楓・白藤・雪笹・紅白梅。可愛らしい小袖。桃山の美。

第三章 移ろう季節へのまなざし

四季山水図屏風 雲谷等顔 寺の下に自家用小舟。水面にはジャンクがある。中国のどこかの山水風景。これを見ていると、マカオの博物館で見た中世の貿易船映像を思い出すのだった。

四季耕作図屏風 久隅守景 田植えにいそしむ人々。田楽も出ている。朱色の前掛けをする人たち。犬を脅す人もいる。・・・ご飯を持ってくる女の姿は見えない。

山水図押絵貼屏風 曽我蕭白 これは京博での蕭白展のときにも見た。無頼である愉悦。しかし、この一連の山水図はひどく静かであり、また和やかでもある。雪山の白さの表現には胸を衝かれる。

漁楽図 池大雅 モノクロなのに、どう見てもカラフルな図。明るい笑い声がするような絵。

柳鷺群禽図屏風 呉春 描かれた「黒丸烏」とやらの顔つきがひどくファンキーで可愛い。江戸時代の絵画では烏も叭叭鳥並みの人気者なのになぁ。鷺が飛んでいる。しかしドウ見ても黒サギである・・・

道八の雲錦手鉢があった。大きくて立派で絢爛な鉢。これも大好きな鉢。

第四章 詠いの風景

古今和歌集巻第十二残巻(本阿弥切) 繊細な字!透かしは夾竹桃の連続文様。非常に美麗な唐紙。浮き上がり方が素晴らしい。

鶴下絵三十六歌仙和歌巻 宗達・光悦 例のあれ。長々と展示されていて、お客さんはみんな喜んでいた。

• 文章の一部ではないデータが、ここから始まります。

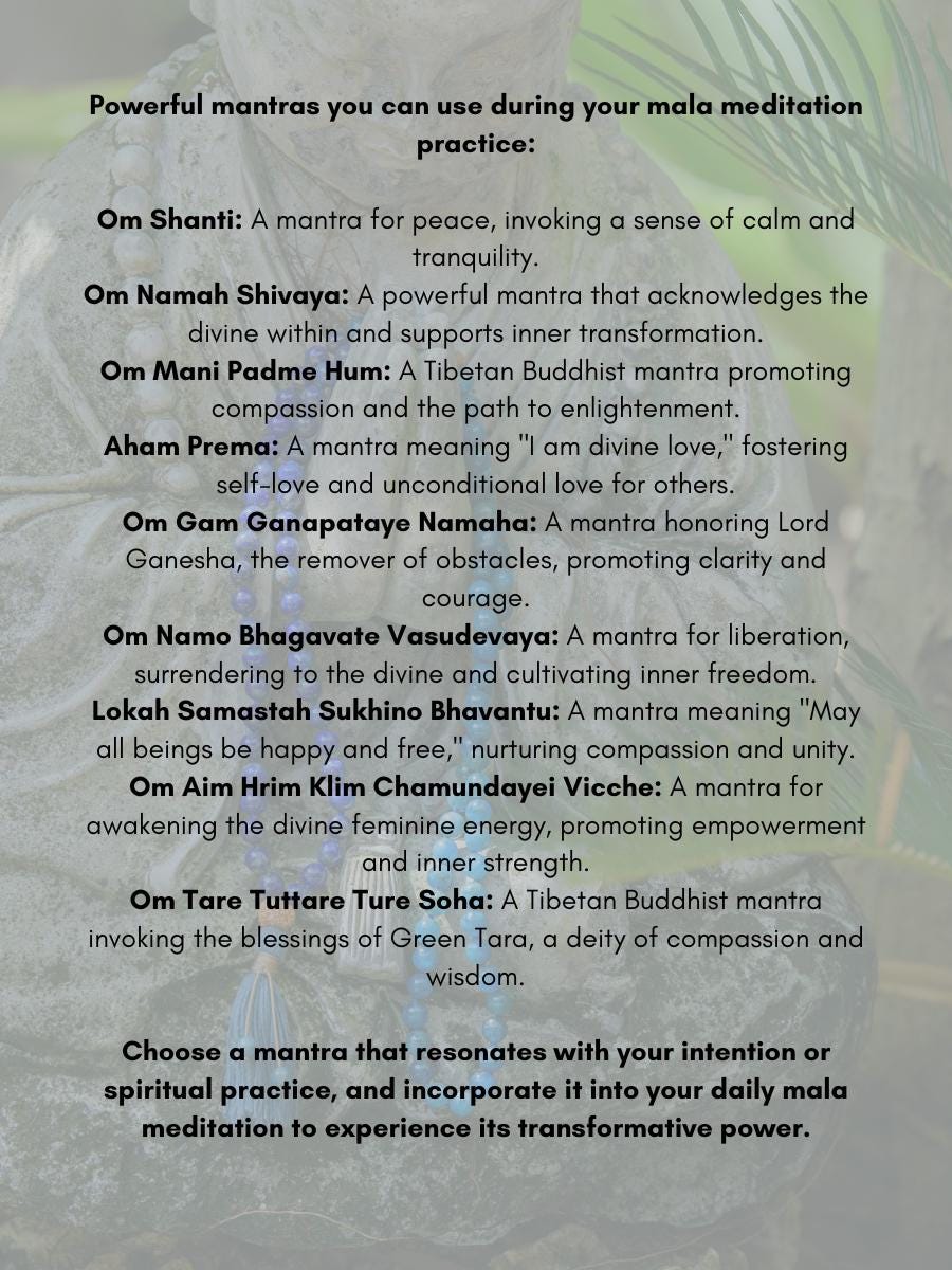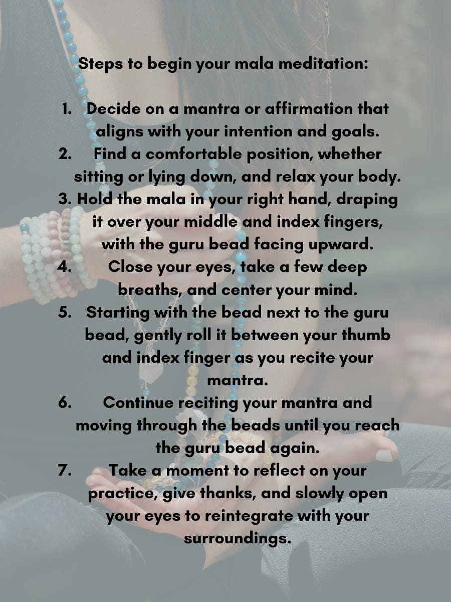 A mantra card with instructions for using your mala.
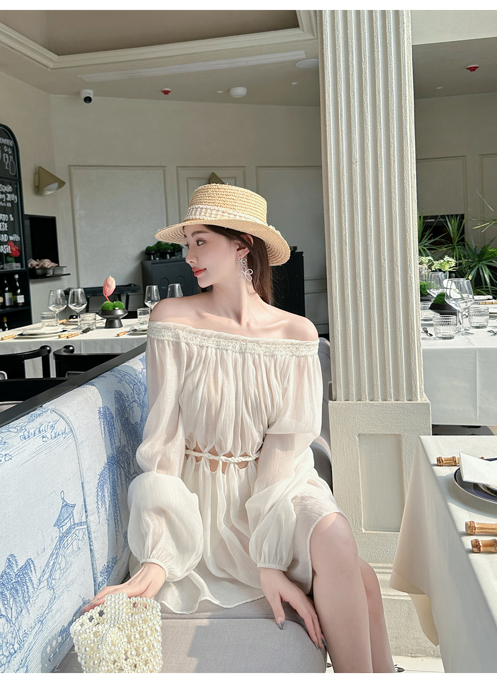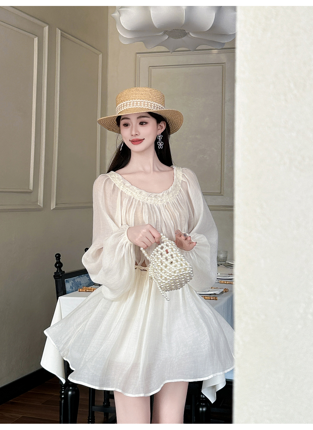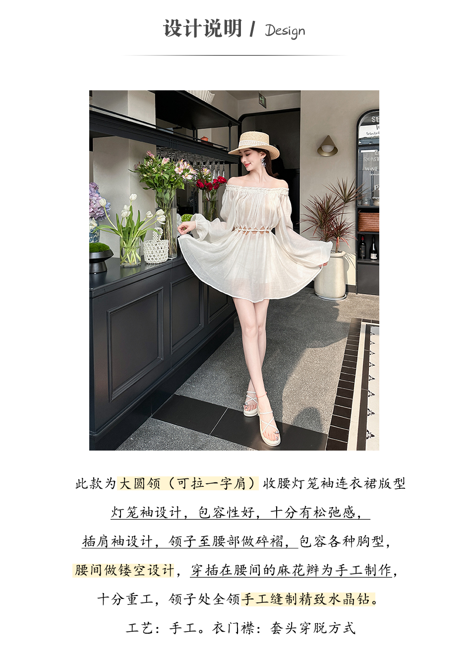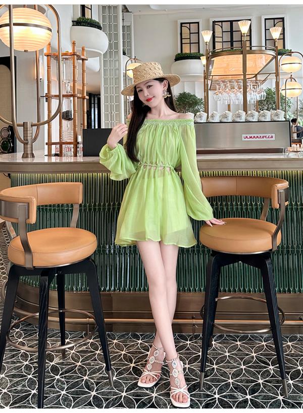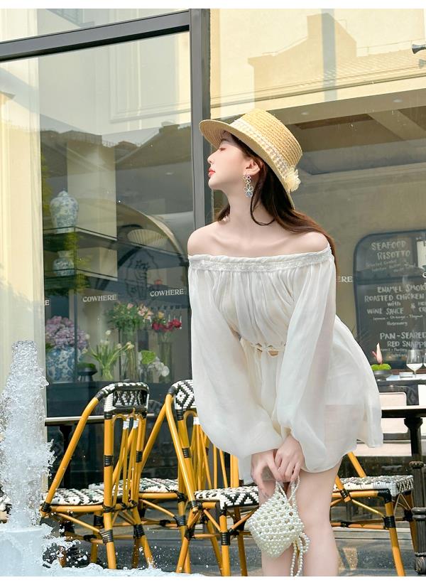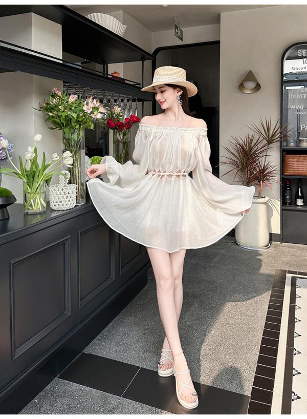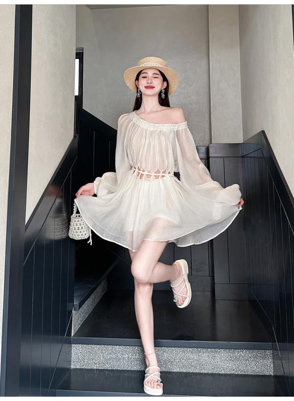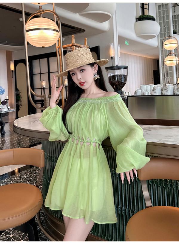 BeQueenStory【青苹果乐园】设计感镂空收腰一字肩灯笼袖连衣裙

葦手の小袖や硯箱など和歌に関連した工芸品も色々と出ていて、楽しかった。

第五章 京のすがた

洛外名所遊楽図屏風 狩野永徳 これは永徳展のときにみつかったもので、寄託されているようだった。久しぶりのご対面。右は嵐山観楓、左は宇治の桜狩。

阿国歌舞伎図屏風 数ある阿国歌舞伎図の中でも、大和文華館蔵と並んで特に好きな作品。今回は観客の女たちの着物を気をつけて眺めた。桃山時代の嗜好を見てみたかった。

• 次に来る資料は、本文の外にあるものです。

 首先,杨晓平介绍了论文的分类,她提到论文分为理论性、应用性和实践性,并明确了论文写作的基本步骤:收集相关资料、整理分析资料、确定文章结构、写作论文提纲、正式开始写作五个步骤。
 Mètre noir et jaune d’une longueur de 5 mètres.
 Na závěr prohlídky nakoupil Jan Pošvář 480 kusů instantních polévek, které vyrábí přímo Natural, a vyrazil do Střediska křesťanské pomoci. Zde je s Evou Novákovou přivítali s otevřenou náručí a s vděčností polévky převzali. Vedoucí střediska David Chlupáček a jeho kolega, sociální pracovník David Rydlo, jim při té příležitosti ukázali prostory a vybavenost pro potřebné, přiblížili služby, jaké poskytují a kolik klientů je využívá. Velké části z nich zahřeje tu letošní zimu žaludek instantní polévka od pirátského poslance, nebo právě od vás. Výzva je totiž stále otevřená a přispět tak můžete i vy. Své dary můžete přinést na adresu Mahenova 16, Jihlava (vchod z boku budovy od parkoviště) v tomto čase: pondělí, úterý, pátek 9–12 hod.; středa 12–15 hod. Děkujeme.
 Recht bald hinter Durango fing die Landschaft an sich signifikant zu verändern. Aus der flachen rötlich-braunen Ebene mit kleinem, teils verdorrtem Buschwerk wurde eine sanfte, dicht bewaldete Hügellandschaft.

柳橋水車図屏風 貼り付けの金月。宇治橋。出光でも同系統の作品を見ている。人気度が高かったことがよくわかる。

祇園祭礼図屏風 金型雲がくっきり。飽きずに眺める。いくらでも新発見があり、とても楽しい。今回は四階建ての蔵を発見した。
見ていると、隣の奥さんが「あれはどこかしら」とおっしゃるので、どこそこですと答えようかと思ったが、やめた。
奥さんは答えを聞くよりも、色んな想像をするほうが楽しいに違いなかった。

非常に強く堪能した。面白かった。
機嫌よく見て回ってから、静岡県美所蔵のオールドマスターの絵とロダンの彫刻群を見た。
いい環境の美術館だとつくづく思う。

展覧会は12/4まで。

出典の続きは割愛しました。